I’ve updated the repository with the fixes and test. The glow is also less strong by default. I haven’t split out a basic version yet.

I’ve created a new zip file here (direct link).

Here are some quick screenshots with the default settings.

5 Likes

I’ve been experimenting with masks. I have some subpixel masks implemented in the shader (not updated on GitHub yet).

One of the main issues with masks is keeping the brightness high enough. What I settled on doing was pretty simple: let each pixel get as bright as it could with the mask at full strength, and then blend in the original, un-masked image if it needs to get brighter than the mask would allow. This allows masking with no brightness penalty, although brighter sections of the image will have a weaker mask pattern. It also preserves the tonality of the image, so I don’t have to resort to things like messing with the gamma or raising the midtones.

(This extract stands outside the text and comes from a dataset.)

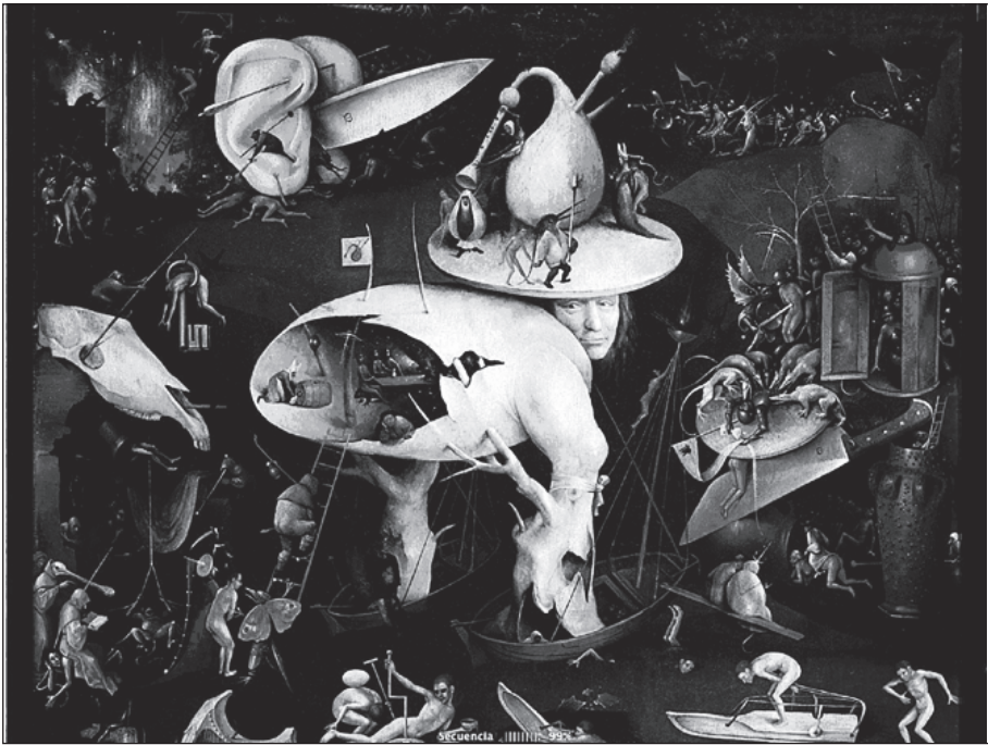
Figura 1. L'infern musical , fragment d' El jardí de les delícies , de Hieronymus Bosch (segle XV). Madrid, Museu del Prado

En la sessió que ara veurem, els motius pels quals les persones no hi assisteixen posen en evidència la fragilitat i la pèrdua de la salut en la vellesa. La pèrdua de la integritat física i també de la mental. Com pot sobreviure un cos -com el de L'infern musical - que s'ha estrocat per la meitat? Com pot sobreviure un grup en què hi manquen gairebé la meitat dels seus membres? Aquest planteig és en si mateix inquietant. Tant per al terapeuta com per als membres que hi assisteixen. Igual d'inquietant com és la contemplació de L'infern musical , on la visió apocalíptica d'allò que ens espera després d'haver gaudit d' El Paradís -que constitueix la part dreta del tríptic- i d' El jardí de les delícies terrenals -la part central- no fa res més que remetre'ns a allò que ens espera després de la mort.

Here are some images with an aperture grille at three different resolutions. I recommend viewing them at their original size or the mask will look messed up.

EDIT: I should mention that these images are for RGB subpixels. BGR is also easy to support. OLED subpixel structures are… complicated.

8 Likes

Very nice looking!

I did something like thay by pushing the input signal gain to 3x to fully exploit rgb mask, and then help it by adding the original color.

However I found that the display itself has to be very well calibrated to support this theory behind, otherwise you get evident discontinuity (seen with a simple bw gradient) when starting to add the “helper” color to the mask.

But I think your implementation differs or maybe you didn’t aimed for full brightness, as I see that the white shirt retains some of the mask (?).

2 Likes

@kokoko3k, Thanks! I remember you talking about that on the Discord (and I sent an image of my own experiment).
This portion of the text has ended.